Of the examined 38 sequenced transcriptomes of ladybird species (family Coccinellidae) (Additional file 1: Table S3), the 36 species of the subfamily Coccinellinae included cwh genes, whereas the two species of the subfamily Microweiseinae lacked cwh genes completely. Since most of the Coccinellinae species have both cwh1 and cwh2 genes, while none of the cwh genes is present in Microweiseinae and other Coleoptera outgroups, we inferred that cwh genes were present in the common ancestor of Coccinellinae in the Cretaceous, and maintained throughout their radiation.

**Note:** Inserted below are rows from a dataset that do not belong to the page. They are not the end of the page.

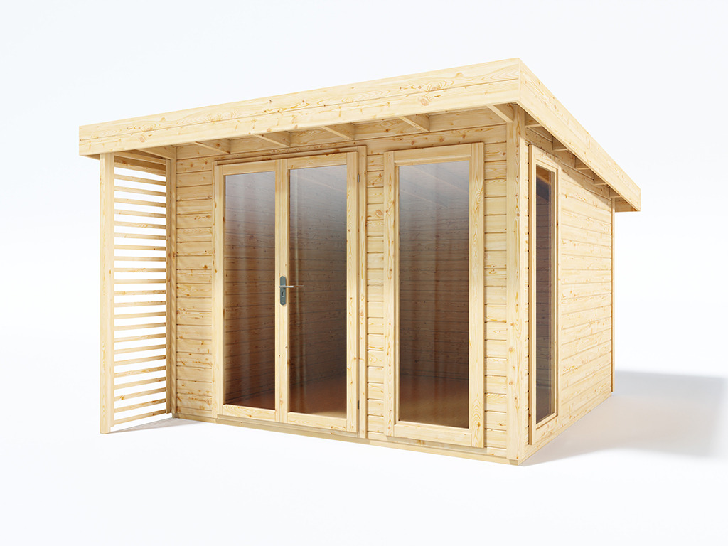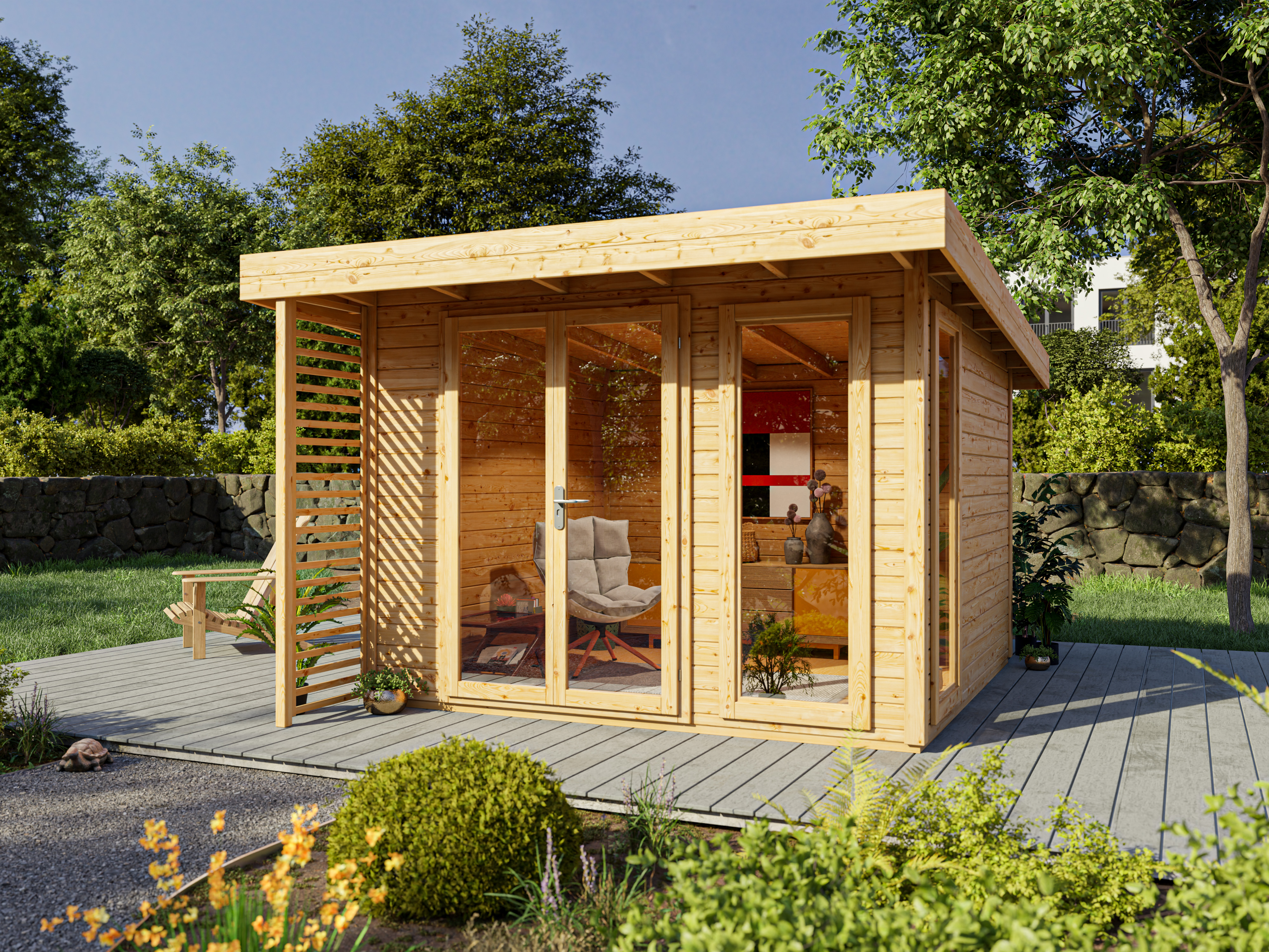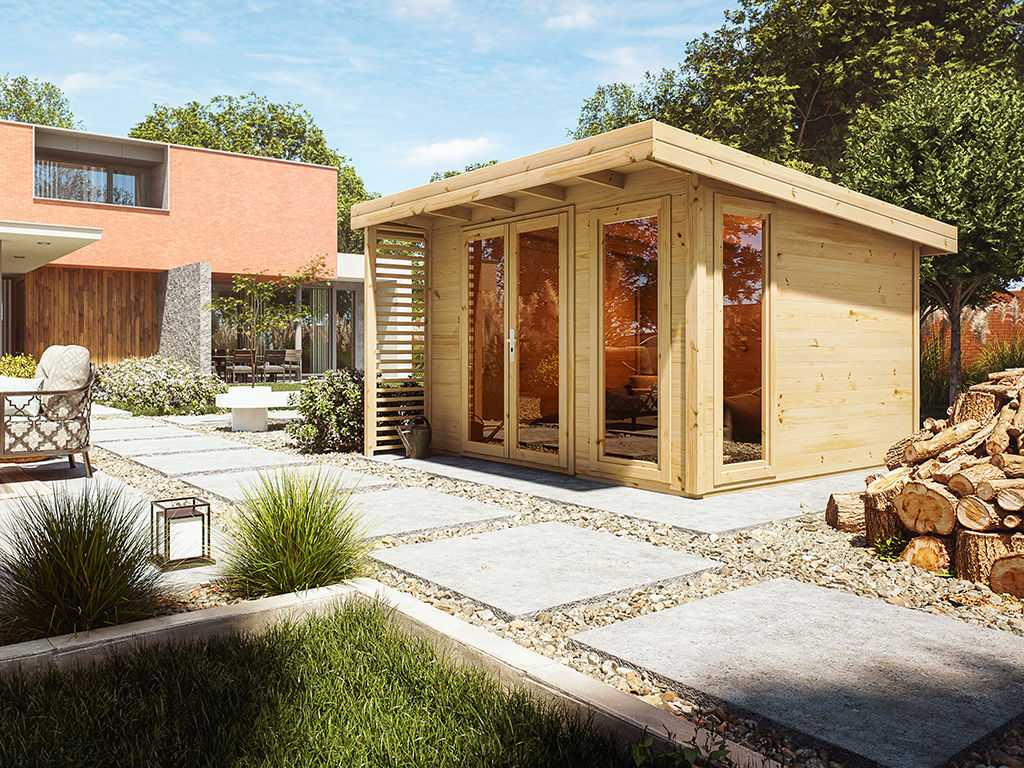 Gestaltungsbeispiel Gartenhaus Homeoffice Ivar 28 mm naturbelassen
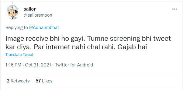 Another user tweeted about the contradictions in the story of Adnan Bhat. “You managed to receive the image. You were able to share it on Twitter. But somehow, your internet isn’t working. Wow,” he said.
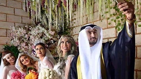 அரபு நாடுகளில் பலதாரமணம் என்பது பரவலான ஒன்றாக இருப்பதனால் இதனை மக்கள் எளிதாக நம்புகின்றனர். ஆனால் இது உண்மையில் ஒரு திருமணத்தின் புகைப்படம் இல்லை.
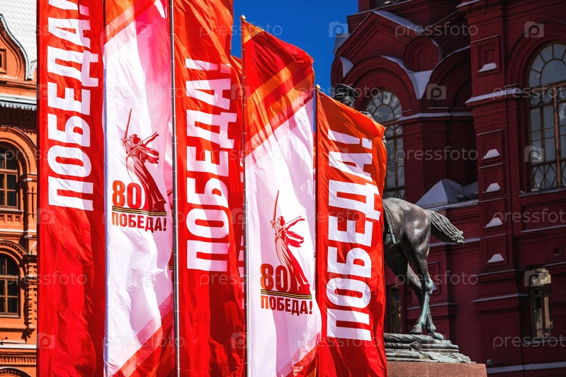 Россия, Москва, 28 апреля 2025 года. Подготовка к празднованию 80-летия Победы в Великой Отечественной войне. Праздничные флаги на фоне маршала Жукова
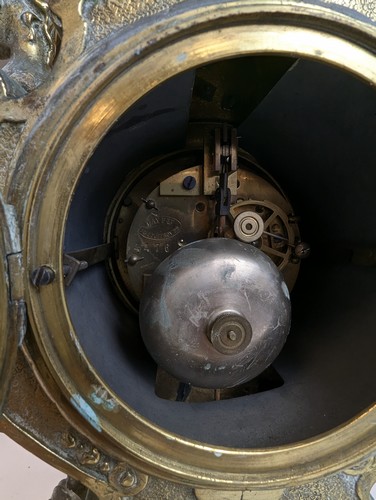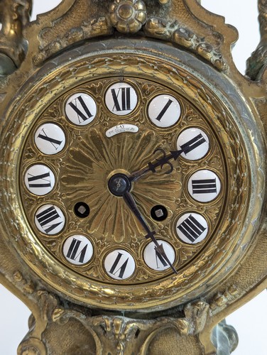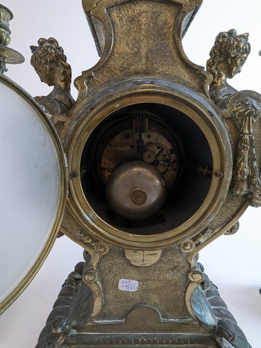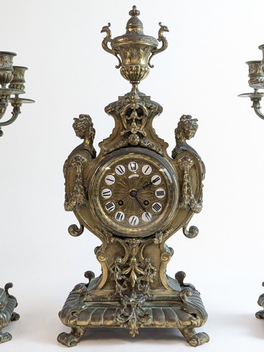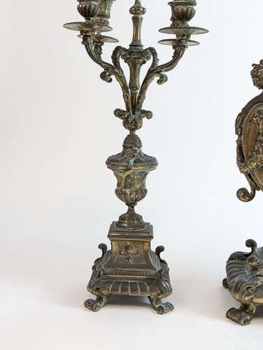 GARNITURE DE CHEMINÉE en bronze à décor éclétique rocaille, comprenant une pendule à cadran signé Lay passage Jouffroy à Paris (51 cm) et une paire de candélabre à cinq lumières dont un binet central couvert (55 cm)
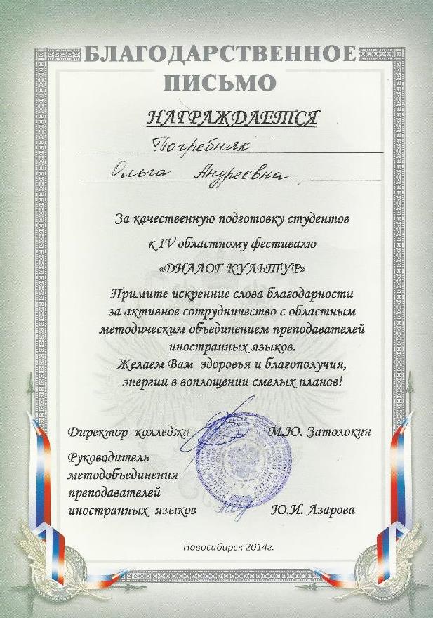 Члены жюри оценили работу преподавателя иностранного языка Ольги Андреевны Погребняк, наградив ее благодарственным письмом за качественную подготовку студентов к 4 областному фестивалю «Диалог культур».
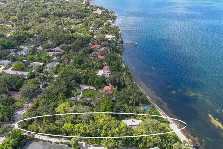 Exotic and extremely private bay front property on the market for the first time in 40 years. In fact, this is only the third time it’s been available in 100 years. Travel back in time to find ancient oaks and large palms, Banyans, and cedars. It’s an idyllic paradise reminding us of why people have come to these shores for millennia. Although this is direct waterfront, most of the land is not in the flood zone creating many possibilities for new structures on or near grade. What is most unique is the 444-foot lot depth. This is almost 4 times that of other bayfront parcels being redeveloped in the area. This extreme distance provides complete privacy from Bay Shore Road and with each adjacent property a multi-acre estate, the feeling of spaciousness and seclusion is complete. Leave the world behind on the long, winding shell drive through tree canopy and lush vegetation. At “the end of the road” is the original homesite on a small bluff directly on and overlooking Sarasota Bay. Your views are of Longboat and Lido Key and out New Pass to the Gulf of Mexico. Looking south you see our bustling little city of Sarasota and the John Ringling Bridge. Enjoy sea breezes in the afternoon and sunsets all year round. A parcel like this is an architects dream providing the size necessary to create what anyone might want, elevation allowing cascading terraces down to the waterfront and multiple, potential “footprints” for accessory dwellings, accessory structures and more. Bay Shore Road has become an eclectic location for the grandest homes in Sarasota. This has led to sales over 10 million dollars and have exceeded 15 million. But you could not put a price on the most spectacular neighbor, Ca’ d Zan. John Ringling’s gilded Venetian palace anchors the neighborhood to the north and downtown Sarasota is just 2 miles south. Other nearby cultural & educational institutions include the Ringling Museum of Art, the Asolo Theater of Performing Arts, the Sarasota Ballet, the Ringling College of Art & Design and our newest amenity, The Bay Park Conservancy redeveloping 53 acres of City waterfront into a world class public park.

A phylogenetic analysis based on the sequences from the ladybird cwh protein sequences alone suggests that both the cwh1 and cwh2 of ladybirds are monophyletic (UFBoot 100%) (Fig. 7). The topologies within cwh1 and cwh2 gene trees support the monophyly of the ladybird tribes Scymnini (UFBoot 91%) and Epilachini (UFBoot 96%) for cwh1, and of Scymnini (UFBoot 96%), Epilachini (UFBoot 97%), and Coccinellini (UFBoot 99%) for cwh2 (Fig. 7). The consistent retention of either cwh1 or cwh2 by all 36 Coccinellinae species and the duplications of the gene in some lineages (e.g., two cwh1 in Coccinellini) provide evidence of cwh’s indispensable function. We also found that the glutamate catalytic domain that is present in most of the bacterial cwh enzymes [37, 38] is also present in the ladybird data analyzed (Additional file 4), suggesting the retention of bacterial cell wall hydrolase activity and the ability to act as a toxin against bacteria. In addition, major signals of negative selection act within both cwh1 and cwh2 (Additional file 1: Table S5), indicating also that these genes are functionally conserved.

[IMAGE OMITTED: SEE PDF]

The two cwh genes in ladybirds might have different functions. Their distribution in the phylogenetic tree (Fig. 7) indicates that the two clades cwh1 and cwh2 probably diverged before the diversification of Coccinellinae ladybirds into the extant species. Moreover, cwh2 contains a signal peptide in the N-terminus, while cwh1 does not (Fig. 1). This suggests that cwh2 is unique in protein assembly or export from eukaryotic cells. Both cwh1 and cwh2 subsequently underwent independent gene duplications in some taxa (resulting in C1a, C1b, C2a, and C2b). The cwh gene family phylogeny and the position of these genes in the genome suggest that, at least in some taxa, these duplications occurred recently. For example, the cwh1 genes of Harmonia species are closely related (Fig. 7), and the two cwh1 genes of C. montrouzieri are separated by a gap of only ~ 8000 bp. In addition, the duplications of cwh1 occurred mainly in Coccinellini (Fig. 7), which is a group with particularly mixed diets [39]. This suggests that the function of cwh1 might be essential for diet expansion.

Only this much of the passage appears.